# Pandas Introduction
New to pandas? No need to worry! We're going to walk through some of the basic functions here. If you don't understand how a function works, Google is your friend! There's extensive documentation, random StackOverflow posts, YouTube videos, and more that can help you understand how to do something.

In [100]:
# Let's import the pandas library so that we can use its functions.
import pandas as pd


In [101]:
# Pandas is useful because we can create tables to organize our data. These tables are called dataframes.

# Let's create a dataframe.

sdc_members = {
    "Name": ["Grace", "Ayesha", "Paco", "Ellie", "Isaac", "Danny"],
    "Class Year": [2025, 2024, 2023, 2023, 2025, 2025],
    "Position": ["Policy Team", "Policy Team", "President", "President", "Spotlights", "Lunch and Learn"]
}

df = pd.DataFrame(sdc_members)

In [122]:
# What if I want to look at just one row?
df.loc[1]

# Look at rows 2 through 4 (the two lines below are equivalent):
df.loc[2:4]
df.loc[[2, 3, 4]]

# Let's look at columns now!
df["Name"]
df[["Name", "Position"]]

In [103]:
# Your turn! Return a table with only the odd number rows.

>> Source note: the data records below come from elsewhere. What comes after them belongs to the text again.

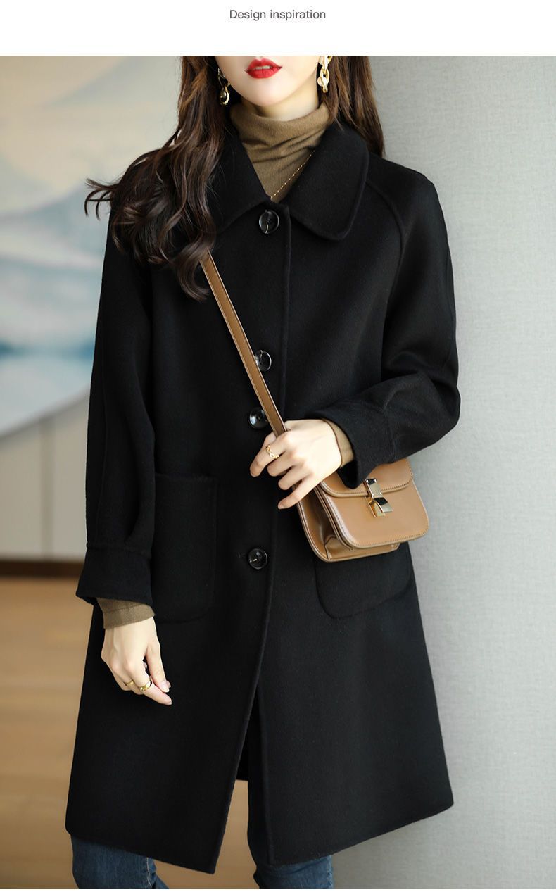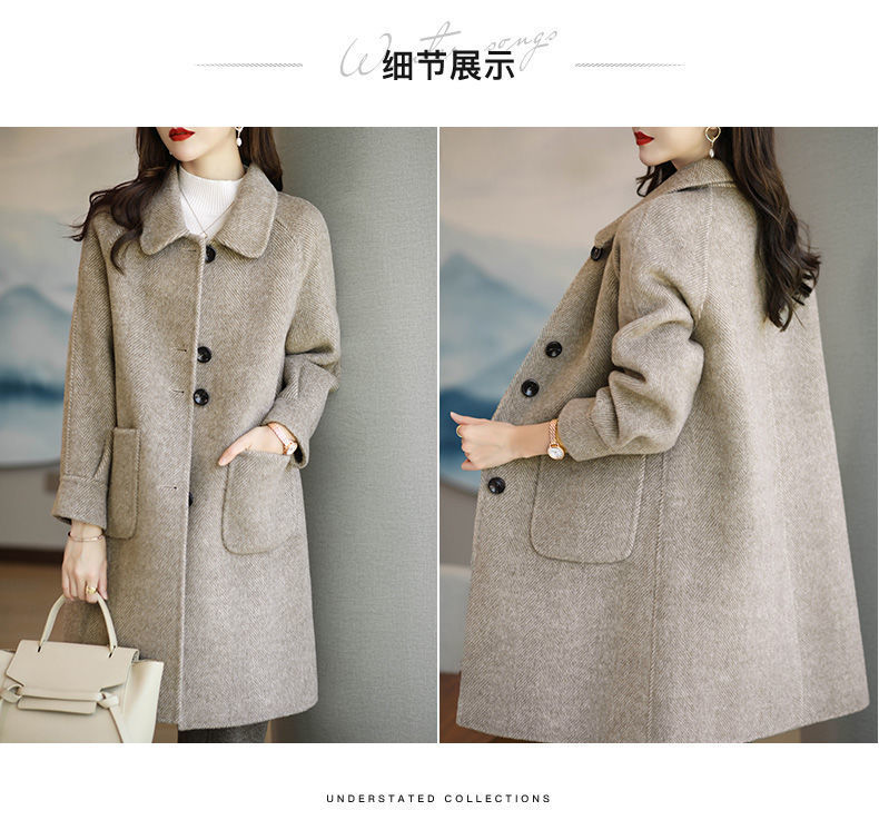 Женская шерстяная верхняя одежда 2025 осень-зима новый стиль утепленная корейский стиль стройная элегантная средней длины шерстяная верхняя одежда
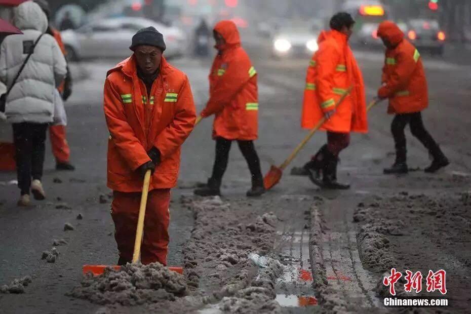 △漫天飞雪,环卫工人一大早就开始忙活
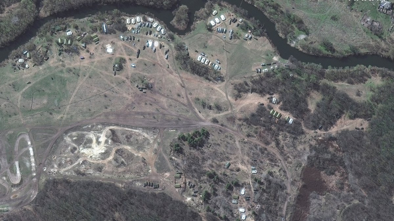 The satellite took pictures on April 11. Russia transported equipment near the settlements of Soloty and Valuiki.
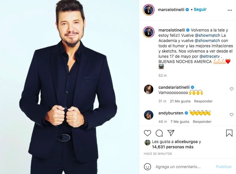 Ahora, Marcelo confirmó la fecha de regreso en sus redes sociales: "Volvemos a la tele y estoy feliz!! Vuelve @showmatch La Academia y vuelve @showmatch con todo el humor y las mejores imitaciones y sketchs. Nos volvemos a ver desde el lunes 17 de mayo por @eltrecetv . BUENAS NOCHES AMERICA", escribió el conductor.
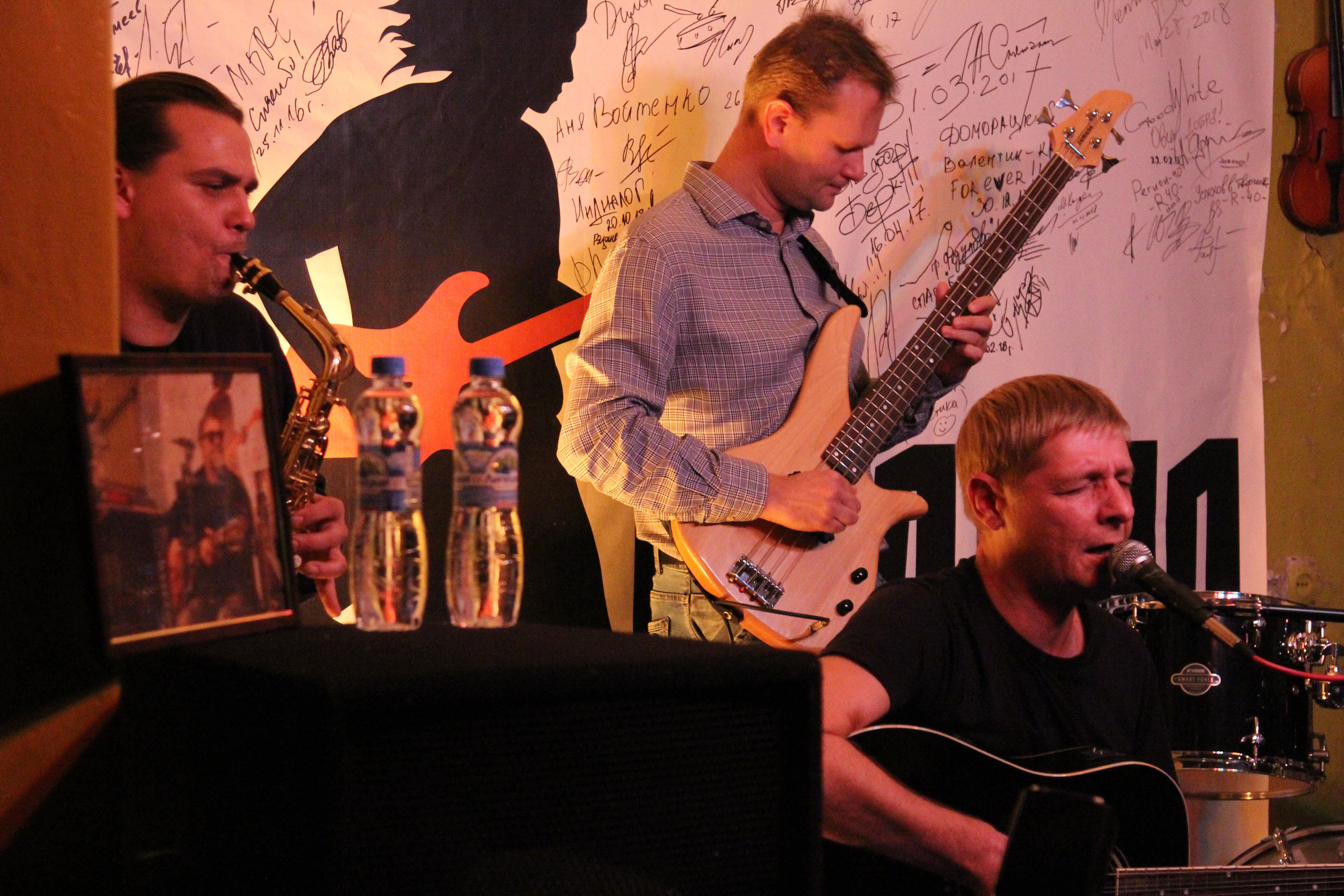 - Тогда было много групп, в названиях которых присутствовали точки, когда часть слова сокращалась и ставилась точка. Мы начинали как «Транспозиция». Название появилось отчасти, потому что вели ночной образ жизни, а потом его по тогдашней моде сократили, - рассказал Алексей Макарушкин. – Поначалу репетировали в ТЮЗе, одно время играли «электричество», последние лет пять акустику. Она о том, чем мы живем.
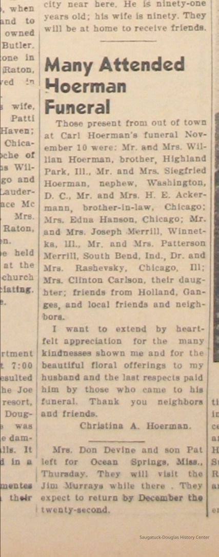 Hoerman, Carl 1885-1955Hoerman, Christiana A.Chalet Studio and Art GalleryDykstra Funeral HomeKemah Cottage b.1906-
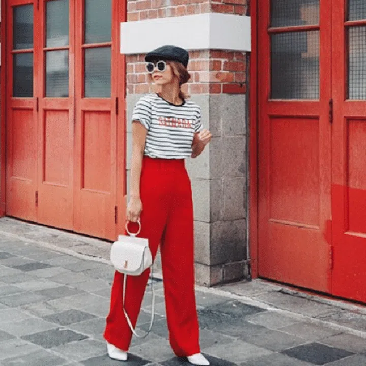 Clean-cut trousers and a fun printed graphic tee makes for an unexpected yet refreshing match made in heaven. Elevate your outfit by throwing brightly coloured pants into the mix. If you are going to wear brightly coloured trousers, opt for a neutral coloured tee, like white and black. To make your outfit more office appropriate, you can even throw on a blazer for added structure and shape.
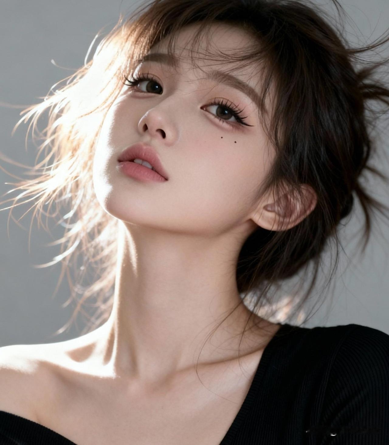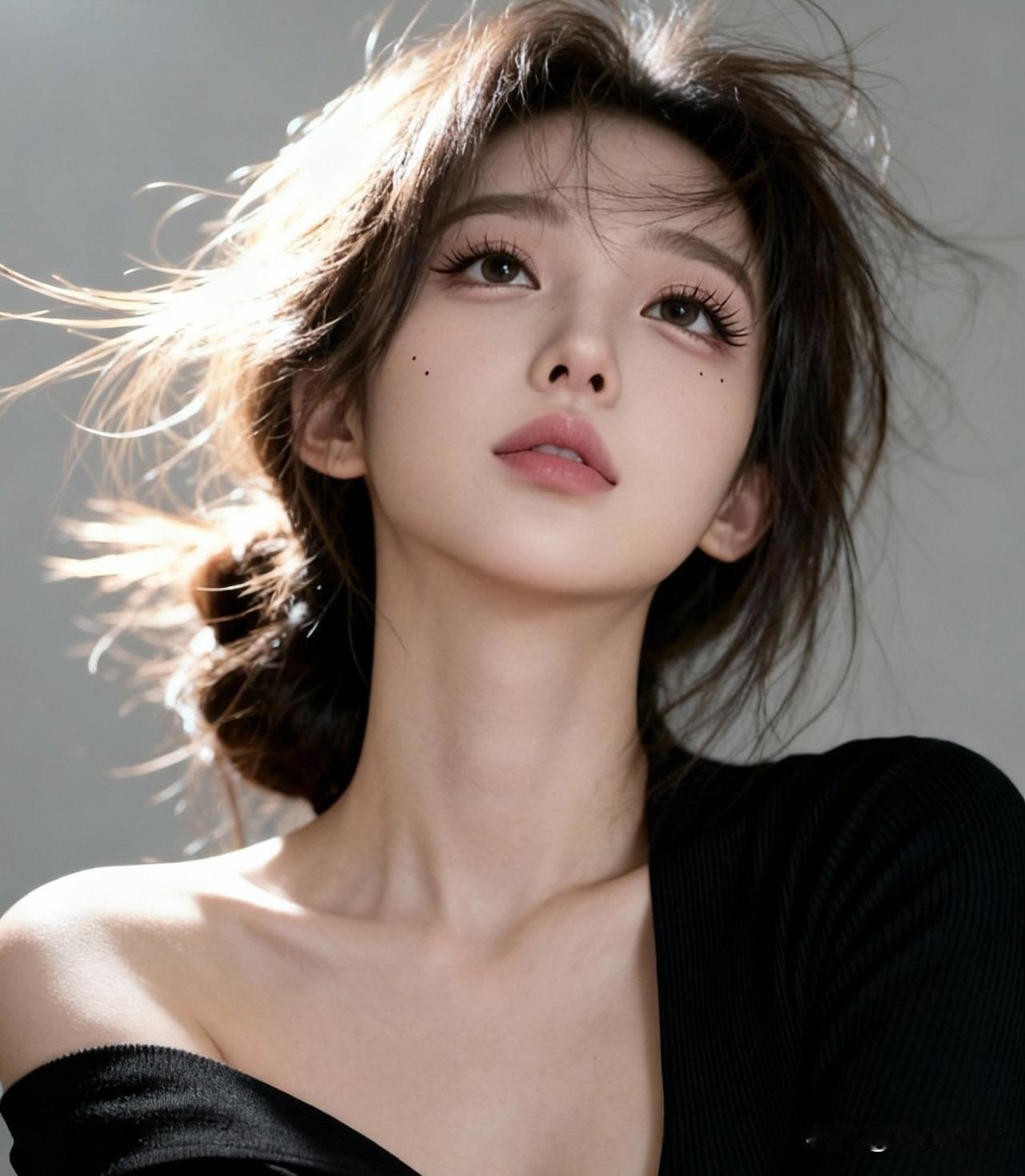 温柔眼神,飘逸发丝,黑纱裙摆,唯美意境

# Now return a table with rows 1 through 4 of df (try doing this in two different ways)!

# Let's combine our indexing. Try returning a table that only has the "Name" and "Position" columns, 
# and also only has the first and second rows of df.


In [104]:
# Great job! You've learned some basic indexing and how we can alter a table to get the data we want.

# Now let's grab some actual sentencing data to look at.
mms_stats = pd.read_csv('../state/VA/VA_data/sentencing_data/sentencing_2021.csv')

# What does that data look like? Let's take a look. Try running each of the lines below, and see what it shows you.
# mms_stats
# mms_stats.head()
# mms_stats.tail()

  mms_stats = pd.read_csv('../state/VA/VA_data/sentencing_data/sentencing_2021.csv')


In [105]:
# Just to be safe, let's make a copy of this table to play around with.
mms_copy = mms_stats.copy()

In [106]:
# We'll be using .groupby() a lot to combine data into manageable chunks.
# Compare mms_copy with mms_copy2. How are they different?

mms_copy2 = mms_copy.groupby(["Offender Birth Month"]).count()

In [120]:
# Some columns have names that are too long to code easily with. Let's rename a column and group by it.

mms_copy3 = mms_copy.rename({"Total Effective Sentence (Imposed Less Suspended Time) incl. Alternative Programs (in Months)": 
                "Total Effective Sentence"}, axis=1
                )

mms_copy3.groupby(["Total Effective Sentence", "Calendar Year of Sentencing"]).count()

In [108]:
# Try it yourself! Rename the "Sentencing Guidelines Recommended High End of Range (in Months)" column to 
# "Sentencing Guidelines", and then try grouping by it.


In [109]:
# Now try grouping by multiple columns: "Calendar Year of Sentencing" and "Fiscal Year of Sentencing".
# What does the table look like? Why would we want to group by two columns?


In [119]:
# Another common function we'll use is .apply(). Pass in a function to .apply() and you can apply that function to
# every cell in a dataframe! Very useful when we want to manipulate data in terms of a policy function.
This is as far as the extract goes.